I believe the reason for this is because I am storing 4*5+2/3 in a string of char and not in an array of int.
No.
In C, int is just a bigger char. There's nothing magical about them; they both hold numbers.
There are a variety of ways to derive the integer value from an ASCII character. If you have exactly one character and don't want to use a library, you can "mask off" the bits: since the ASCII range for digits is 0x30 - 0x39,
static char string[] = "4";
int value = string[0] & 0x0F;
does the trick. For more complex operations, my favorite is sscanf(3), but many use atoi(3) or various flavors of strtol(3).
What I'm trying to obtain is a calculator that will take infix notation, ignore insignificant whitespace characters like " " or '#', then convert that infix notaion into postfix notation and do simple calculations like addition, subtraction etc. So far the code is taking input in infix notation trimming it in a way that ignores insignificant whitespace characters and outputs the postfix notation.

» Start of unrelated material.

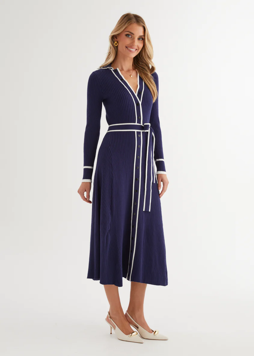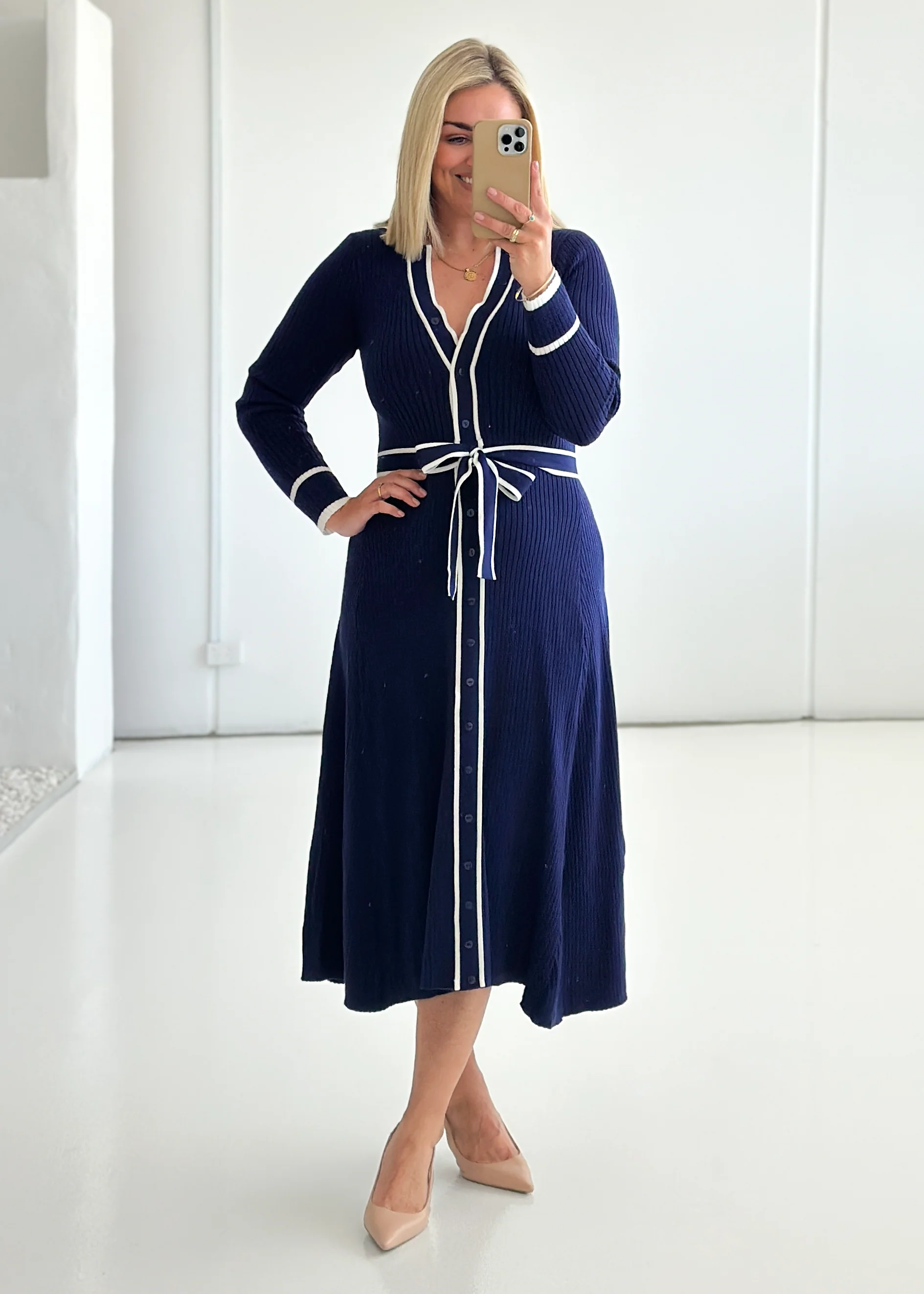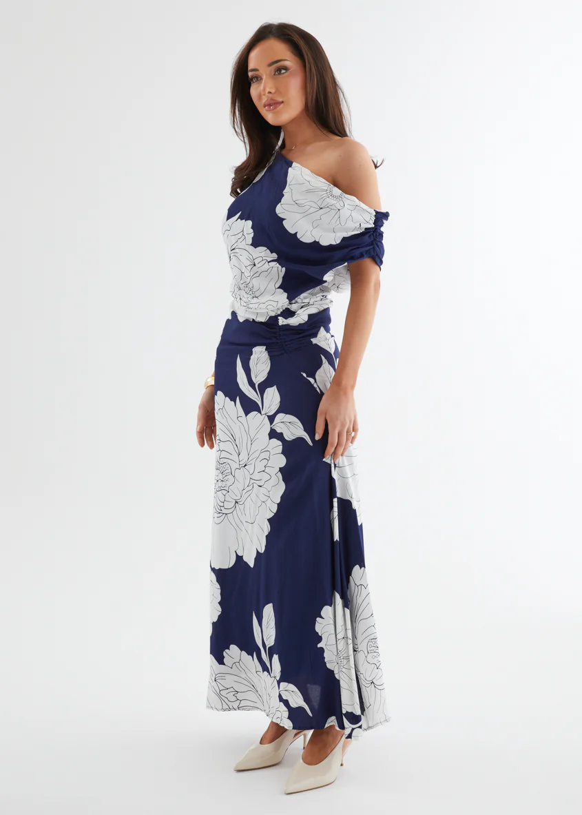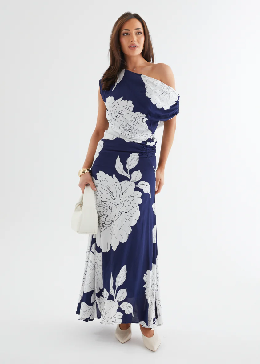Aida Drop Shoulder Maxi Dress - Navy Bloom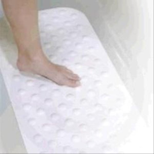 Studio : drive Publisher : drive Binding : Kitchen Product Description Drive Medical's bath mat holds securely to your tub with multiple suction cups, allowing for a slip-free bathing experience. The bath mat provides a large and secure surface area in the tub. Its soft rubber mat is as easy to clean and can be rolled up for storage. This product also features a contour cut out specifically designed to fit around your drain. ||Number of Pieces: 1 ||Material: Rubber ( 100,%) ||Backing Material: Rubber ||Size: 35.500L x 15.750W ||Weight: 2.400 ||Imported 0

#define _CRT_SECURE_NO_WARNINGS
#include <stdio.h>
#include <stdlib.h>;
#include <ctype.h>;
#define MAX_LENGTH 100
//Functions
void push(char x);
char pop();
void trimString(char string[], char newString[]);
void inputToRPN(char trimmedExp[], char rpnExp[]);
int calculateRPN(char rpnExp[]);
char stack[MAX_LENGTH];
char resStack[MAX_LENGTH];
int top = -1;
int resTop = -1;
int index = 0;
int main() {
int res;
char exp[MAX_LENGTH] = "10 +2";
char trimmedExpression[MAX_LENGTH];
char rpnExpression[MAX_LENGTH];
// Input commented out as per suggestion in comments
//printf("Enter expression : ");
//fgets(exp, 100, stdin);
printf("Infix expression: %s \n", exp);
trimString(exp, trimmedExpression);
printf("\n");
inputToRPN(trimmedExpression, rpnExpression);
res = calculateRPN(rpnExpression);
//printf("Result of calculation: %d", res);
return 0;
}
void push(char x) {
stack[++top] = x;
}
char pop() {
if (top == -1)
return -1;
else
return stack[top--];
}
int priority(char x) {
if (x == '(')
return 0;
if (x == '+' || x == '-')
return 1;
if (x == '*' || x == '/')
return 2;
return 0;
}
void trimString(char string[], char newString[]) {
int i = 0, j = 0;
while (string[i] != '\0' && string[i] != 10) {
// Range of significant characters
if (string[i] >= '(' && string[i] <= '9') {
newString[j] = string[i];
i++, j++;
}
else {
i++;
}
}
newString[j] = 0;
}
void inputToRPN(char trimmedExp[], char rpnExp[]) {
char* e, x;
e = trimmedExp;
while (*e != '\0') {
// Add to RPN if character is alphanumeric
if (isalnum(*e)) {
rpnExp[index] = *e;
index++;
}
// Add to stack if is an open brace
else if (*e == '(')
push(*e);
// Add all operators to the expression until finding open braces
else if (*e == ')') {
while ((x = pop()) != '(') {
rpnExp[index] = x;
index++;
}
}
// If none of the above, that is an operator - check it's priority.
// If it's priority is less that that of the one on top of the stack add the operator from the top of the stack to the expression; untill it's priority is higher.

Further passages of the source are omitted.